**Exercise objective:**
What is needed is an exact copy of the listing, with no pictures in it.

**Data shown:**
'''
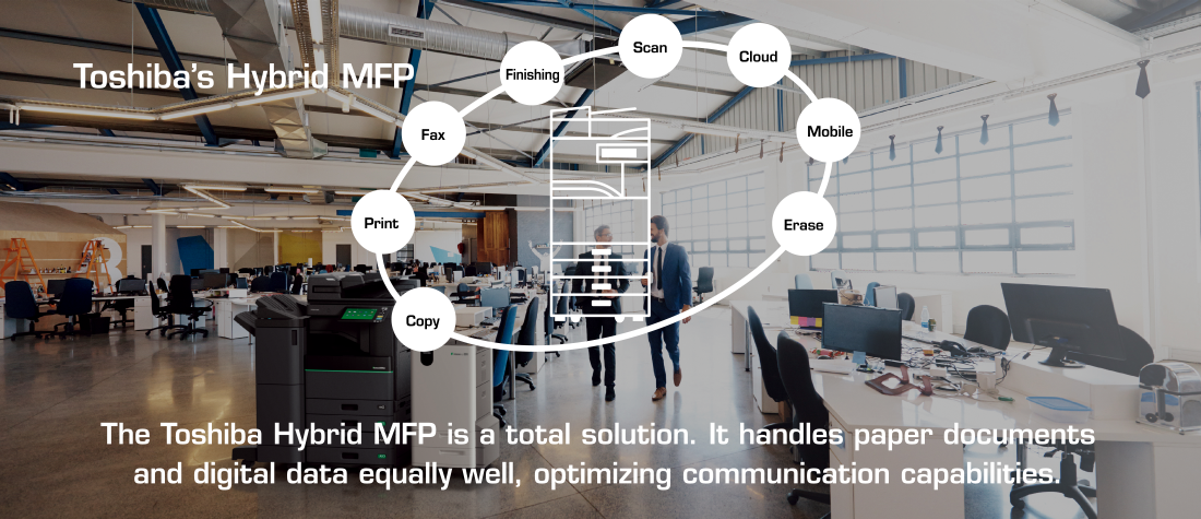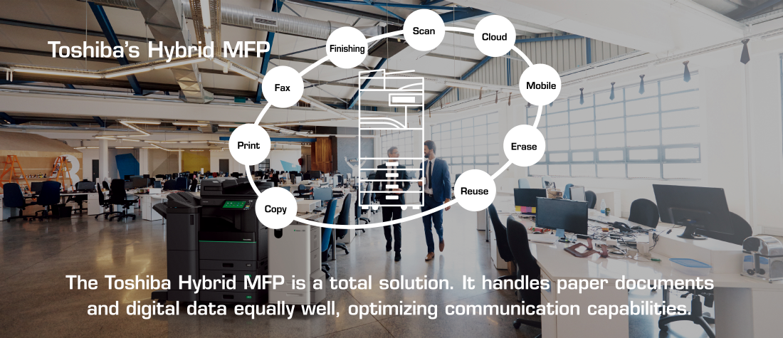 This MFP is designed to optimize conventional office workflows. However, it also offers a new way of working. You can now erase documents and reuse the paper in addition to digitizing documents and copying, printing, faxing and scanning with full mobile and Cloud service integration.
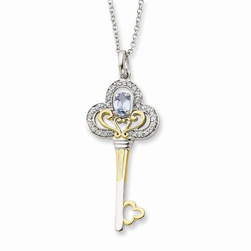 Sterling Silver & Gold-Plated Mar CZ Birthstone KeyNecklace
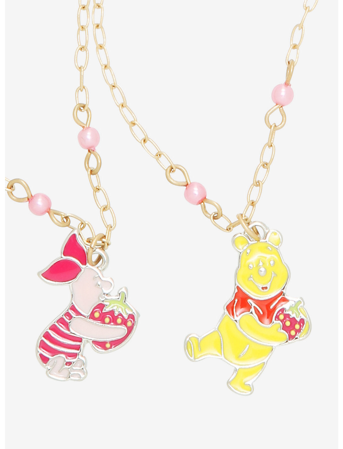 ¡Piglet y Pooh Bear son los mejores amigos en todo el bosque de los cien acres! Si tú y tu mejor amiga sois lo mismo, ¡tienes que conseguir estos collares de mejores amigas, con Pooh y Piglet sosteniendo deliciosas fresas!
'''
**Solution:**
 This MFP is designed to optimize conventional office workflows. However, it also offers a new way of working. You can now erase documents and reuse the paper in addition to digitizing documents and copying, printing, faxing and scanning with full mobile and Cloud service integration.
 Sterling Silver & Gold-Plated Mar CZ Birthstone KeyNecklace
 ¡Piglet y Pooh Bear son los mejores amigos en todo el bosque de los cien acres! Si tú y tu mejor amiga sois lo mismo, ¡tienes que conseguir estos collares de mejores amigas, con Pooh y Piglet sosteniendo deliciosas fresas!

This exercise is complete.